Question

\[{}^{{\mathbf{234}}}{\mathbf{U}}\;\]has 92 protons and 234 nucleons total in its nucleus. It decays by emitting an alpha particle. After the decay it becomes.
(A) ${}^{232}U$
(B) ${}^{232}Pa$
(C) ${}^{230}Th$
(D) ${}^{230}Ra$

Answer 1

Hint:We know that an alpha particle is equivalent to an helium nucleus (\[H{e^{2 + }}\]). When an alpha particle releases from a nucleus it will reduce \[2\] electrons, \[2\] protons and \[2\] neutrons. So we have to check the options with an element less in \[2\] electrons, \[2\] protons and \[2\] neutrons than with\[{}^{{\mathbf{234}}}{\mathbf{U}}\;\].

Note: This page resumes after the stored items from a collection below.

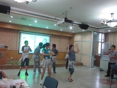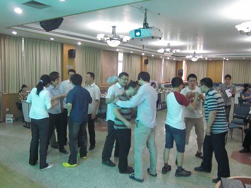 欢送会由研究生会文艺部精心策划,以“欢乐”为主题,希望能带给各位毕业生多一些快乐美好的回忆,少一些离别伤感的愁绪。现场给大家准备了各种零食,好玩的游戏和精彩的节目。除了2012届毕业生之外,还有很多为师兄师姐带来祝福的低年级同学。他们跟师兄师姐们一起做游戏,这些精心准备的游戏如合力吹气球、眉目传情、椅子渡河等都需要大家相互配合,在玩的同时增进了交流。游戏的惩罚环节也是欢乐多多,搞怪的惩罚手段让大家忍俊不禁。多才多艺的师兄师姐们还为大家献上了精彩的节目,了得的唱功让大家很是惊艳。不知不觉两个多小时的欢乐时光就过去了,欢送会以一首抒情的合唱《朋友别哭》收尾,歌曲道出了大家彼此的心情,有毕业生的依依不舍,也有低年级同学对师兄师姐的真挚的祝愿,虽然大家即将分离,但是心永远在一起。席虽散,情难散。
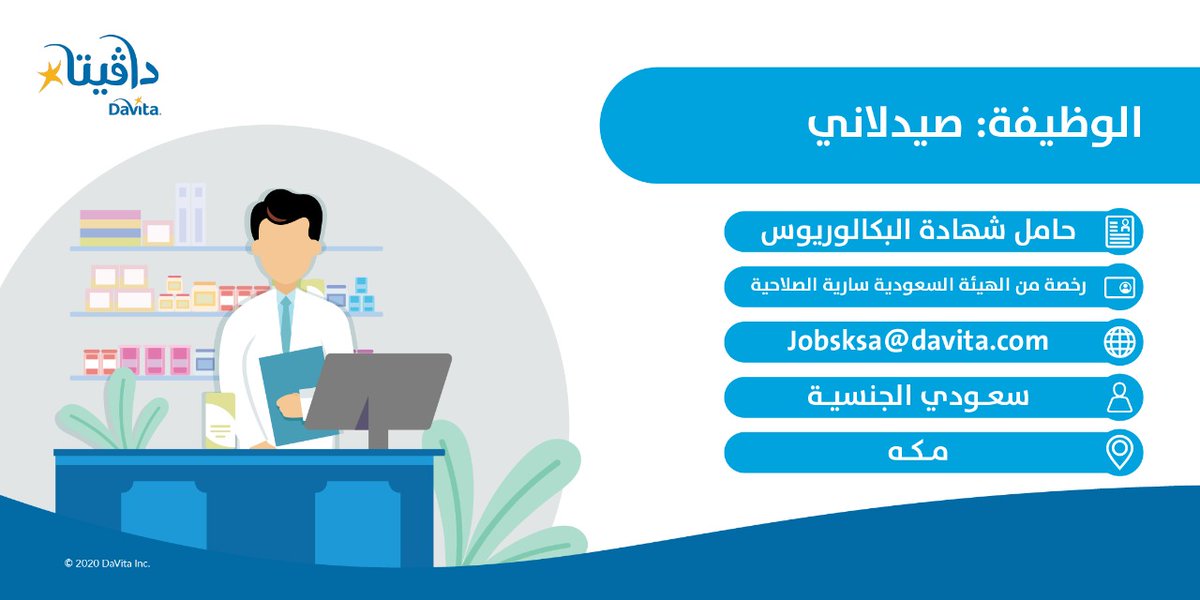 أعلنت شركة دافيتا السعودية (DaVita) توفر وظائف صحية شاغرة بمكة المكرمة وجدة، وذلك وفقاً لبقية التفاصيل الموضحة أدناه.
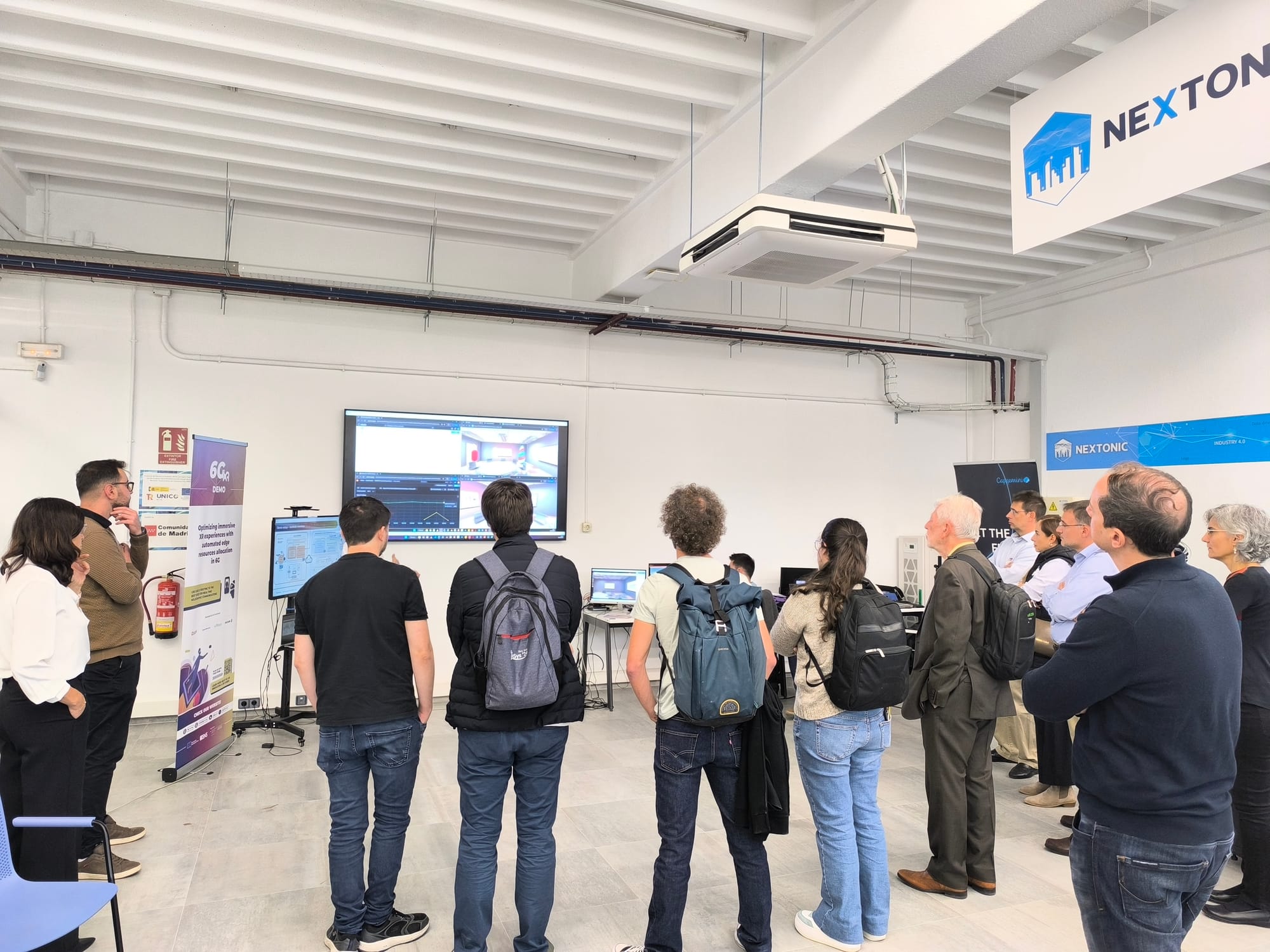 On 28 October 2025, the 6G-XR Impact Day in Madrid, Spain marked the culmination of three years of EU-backed research into 5G/6G-enabled extended reality (XR). Hosted at the NEXTONIC lab (formerly 5TONIC) in Leganés, the full-day event brought together the 6G-XR project’s partners and over 60 external experts from industry and academia. Attendees experienced live demonstrations of advanced XR use cases and engaged in discussions on the future of immersive connectivity. The agenda featured hands-on showcases of real-time holographic communication, 3D digital twin collaboration, and energy-efficient XR streaming, alongside expert panels examining how these innovations will impact industries and align with emerging 6G standards. As the Innovation Manager at of the project and a panel moderator, I witnessed firsthand how this forum brought technology developers, industry stakeholders, and policy experts together to connect, collaborate, and chart the next steps for XR and vertical industries in the 6G era .

Complete step by step answer:
The reaction should be of the form.
$U{}_{92}^{234}\xrightarrow{a}Th{}_{90}^{230} + \alpha $.
The mass number of thorium is \[230\] and its atomic number, \[Z{\text{ }}is90.\]
The mass number of thorium is \[226\] and its atomic number is \[88.\]
As at one instant, only one particle can be emitted, unless it is given two successive emissions of particle, Ra cannot be obtained.
Uranium\[ - 234\] produces thorium\[ - 230\] by alpha decay.
An article is a helium nucleus.
It contains \[2\] protons and \[2\] neutrons, for a mass number of \[4\].
The correct answer is \[\left( C \right)\].

Note:The sum of the subscripts \[\left( {atom{\text{ }}each{\text{ }}or{\text{ }}charges} \right)\] is the same on each side of the equation. Also, the same on each superscript (mass is the same on each side of this equation.